Oleh karena itu Romo Felix Wilfred mensinyalir dan sekaligus juga menyayangkan adanya sebuah paradox yang sangat kentara dalam dunia teologi dewasa ini, di dalam realitas perkembangannya baik di Timur dan terutama sekali di Barat. Misalnya, dengan sangat rendah hati dan lapang dada Romo Felix Wilfred mengakui bahwa di Barat (Eropa), teologi itu adalah sebuah disiplin ilmu ilmiah yang sangat luar biasa berkembang dan menjadi sangat canggih juga. Ada banyak buku-buku teologi yang keren dan mentereng yang dihasilkan oleh para teolog dari dunia barat hingga saat ini.

Tetapi sayangnya justru semakin banyak orang yang telah meninggalkan gereja. Teologi, yang hebat-hebat itu, ternyata sama tidak membantu orang untuk tetap di dalam gereja, melainkan telah membuat gereja itu semakin kosong. Gereja dalam artian gedung, menjadi gereja untuk para orang tua, atau mungkin juga gereja untuk para imigran yang datang dari Asia seperti dari Filipina ataupun Vietnam dan Indonesia ataupun negara-negara Asia lainnya. Tentu saja itu sebuah realitas paradoksal: teologi maju dan berkembang, tetapi gereja kosong.
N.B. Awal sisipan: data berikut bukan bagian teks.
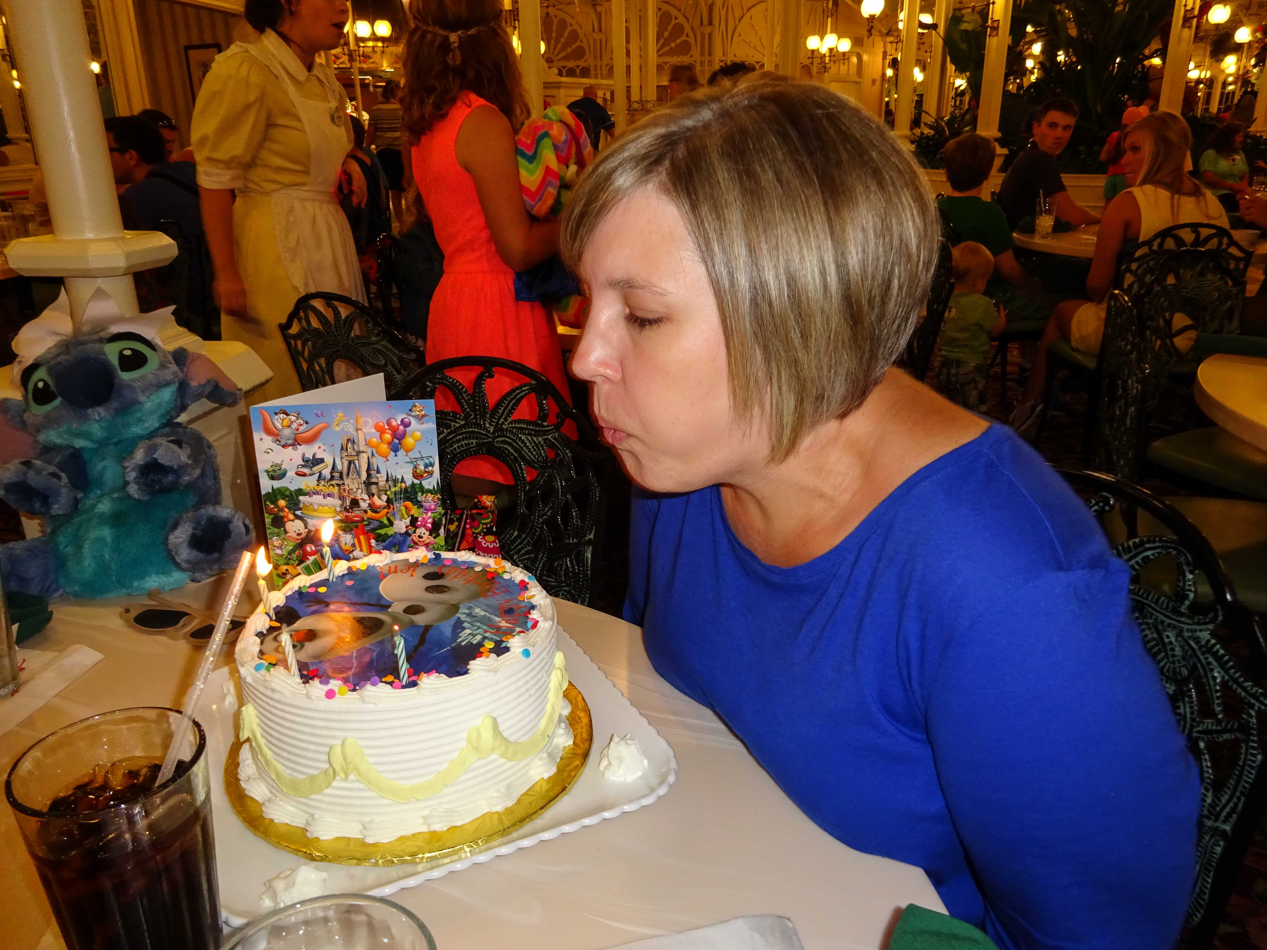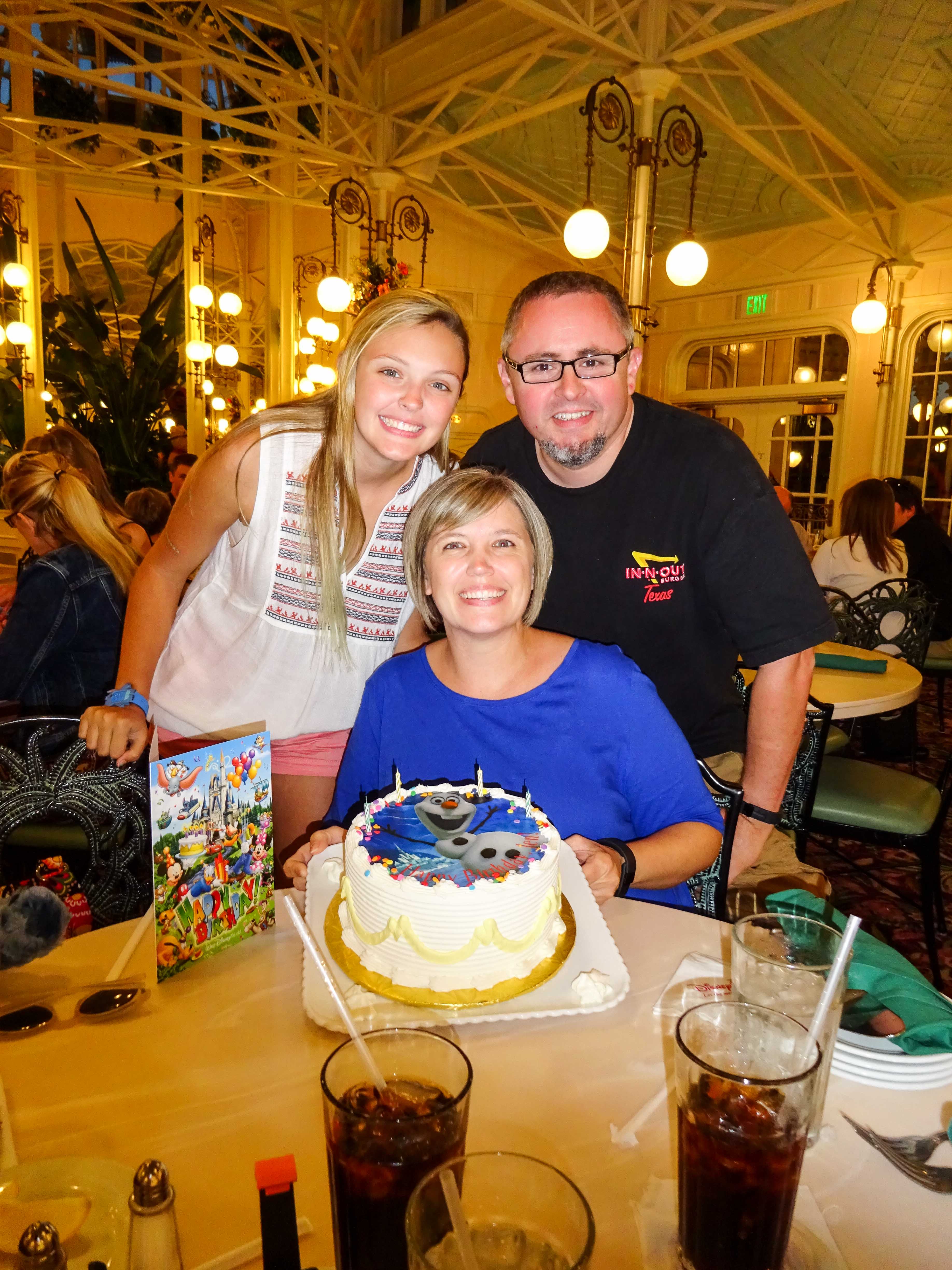 This restaurant is buffet service, and actually had some pretty good food. The mac and cheese in the kid’s section was pretty good, as were the mashed potatoes and the beef available on the carving station. Going against the diet Jen and I had been on in the weeks leading up to this trip, we both made two (or three in my case) trips up for more food. As we ate, the same well choreographed character visits we’d seen at Ohana were taking place here. Bayley had her selfie-stick with her, so she had fun taking selfies of her and Joe with each of the characters, and we made sure that each knew it was Jen’s birthday so she got a little extra attention. The outstanding service and fun table-side visits from Winnie the Pooh and friends made for a fun birthday, but it wasn’t over just yet.

Orang meninggalkan gereja.

Sebaliknya di Timur, demikian menurut pengamatan Pater Felix Wilfred, teologi tidak atau belum semaju di dunia Barat, tetapi masih sangat jelas bahwa teologi itu tetap berguna untuk membangun dan membina jemaat dan terutama sekali tidak banyak umat yang meninggalkan ataupun keluar dari gereja sehingga gereja itu lalu menjadi sebuah tempat yang sunyi karena ditinggalkan orang seperti dikatakan dalam kitab Ratapan yang meratapi Yerusalem yang ditinggalkan orang dan menjadi sunyi-senyap, sebuah syair yang kini mengendap dalam lagu Adven itu: Datanglah Tuhan Allahku, slamatkanlah UmatMu. Di dalam salah satu ayatnya kita menemukan sebuah pelukisan tentang Yerusalem yang menjadi sunyi-sepi karena sudah ditinggalkan orang, karena semua orang sudah dibawa ke tempat pembuangan. Yerusalem yang tadinya adalah sebuah ibukota kerajaan dan pusat peribadatan, lalu tiba-tiba menjadi sunyi dan ditumbuhi rerumputan, ilalang dan onak serta duri. Sungguh sebuah keadaan tragis, dan amat menyedikan.

 

Ecclesia Semper Reformanda:

Saat mendengar ceramah beliau tentang fakta paradoksal tersebut, saya serta-merta teringat akan dua hal berikut ini. Pertama, saya teringat akan pengalaman saya sendiri dulu saat saya belajar teologi di Belanda, persisnya di Katholieke Universiteit Nijmegen (sekarang sudah berubah nama menjadi, Radboud Universiteit Nijmegen). Betapa saya terkejut bahwa di sana teologi itu diperlakukan sebagai sebuah disiplin ilmiah yang bisa dipelajari dan didekati seperti halnya matematika. Jadi, tanpa beriman pun, orang bisa mengajarkan teologi, hanya karena seseorang itu sudah mempelajari teologi itu sebagai sebuah disiplin ilmiah seperti halnya belajar matematika. Padahal saya selalu beranggapan bahwa kalau orang mau mengajarkan teologi, maka orang itu haruslah seorang yang beriman atau setidaknya orangnya menghayati teologi yang diajarkannya. Tetapi ternyata ada juga orang yang mengajarkan teologi tanpa harus berafiliasi pada gereja atau praksis iman Kristiani tersebut. Ada teolog yang mengajarkan teologi, tetapi tidak pernah lagi ke gereja. Bagi saya hal itu terasa sangat aneh sekali. Mungkin saya terlalu konservatif di dalam menilai cara orang menghayati agama dan imannya. Tetapi itulah fakta yang terjadi.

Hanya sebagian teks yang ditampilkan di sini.